__Collected data__.
• • •
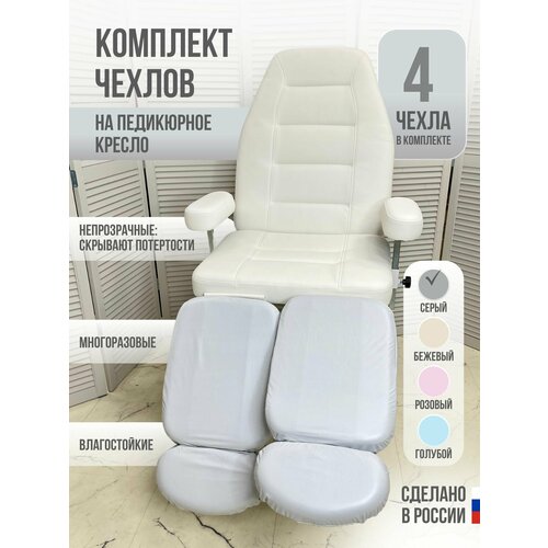 Комплект серых многоразовых чехлов для педикюрного кресла, 4шт
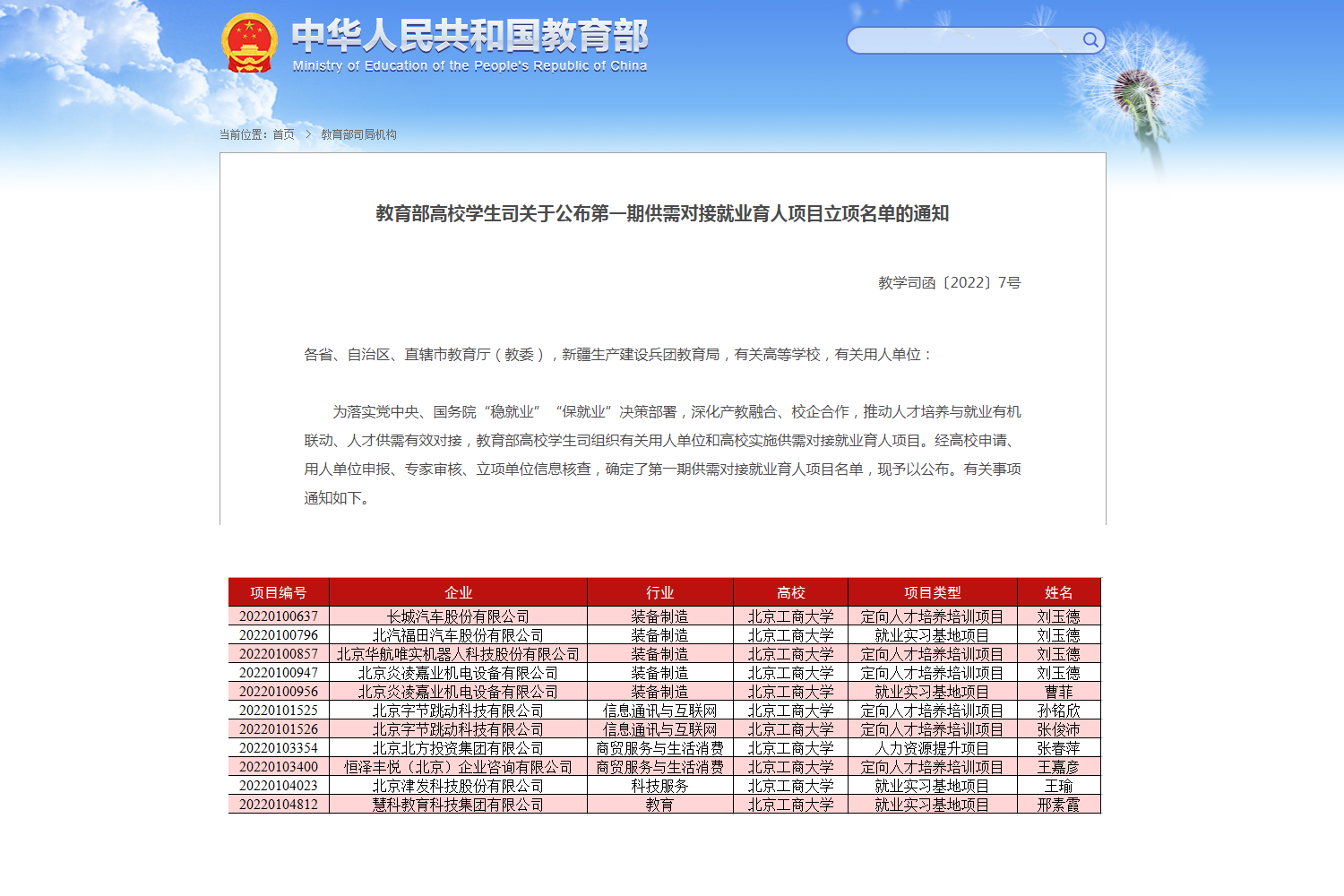 為落實黨中央、國務(wù)院“穩(wěn)就業(yè)”“保就業(yè)”決策部署,深化產(chǎn)教融合、校企合作,推動人才培養(yǎng)與就業(yè)有機聯(lián)動、人才供需有效對接,教育部高校學(xué)生司組織有關(guān)用人單位和高校實施供需對接就業(yè)育人項目。經(jīng)高校申請、用人單位申報、專家審核、立項單位信息核查,確定了第一期供需對接就業(yè)育人項目名單。
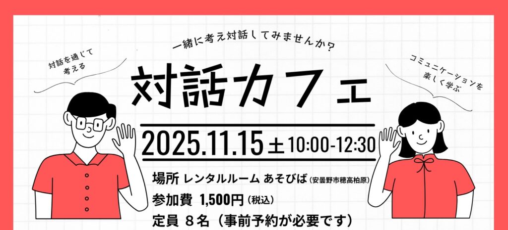 【対話カフェ】2025/11/15(土)レンタルルームあそびば(長野県安曇野市)にて開催します【終了しました】
• • •
__About this exercise__. Without the pictures, write out the listing exactly as it appears above.

__Written answer__.
 Комплект серых многоразовых чехлов для педикюрного кресла, 4шт
 為落實黨中央、國務(wù)院“穩(wěn)就業(yè)”“保就業(yè)”決策部署,深化產(chǎn)教融合、校企合作,推動人才培養(yǎng)與就業(yè)有機聯(lián)動、人才供需有效對接,教育部高校學(xué)生司組織有關(guān)用人單位和高校實施供需對接就業(yè)育人項目。經(jīng)高校申請、用人單位申報、專家審核、立項單位信息核查,確定了第一期供需對接就業(yè)育人項目名單。
 【対話カフェ】2025/11/15(土)レンタルルームあそびば(長野県安曇野市)にて開催します【終了しました】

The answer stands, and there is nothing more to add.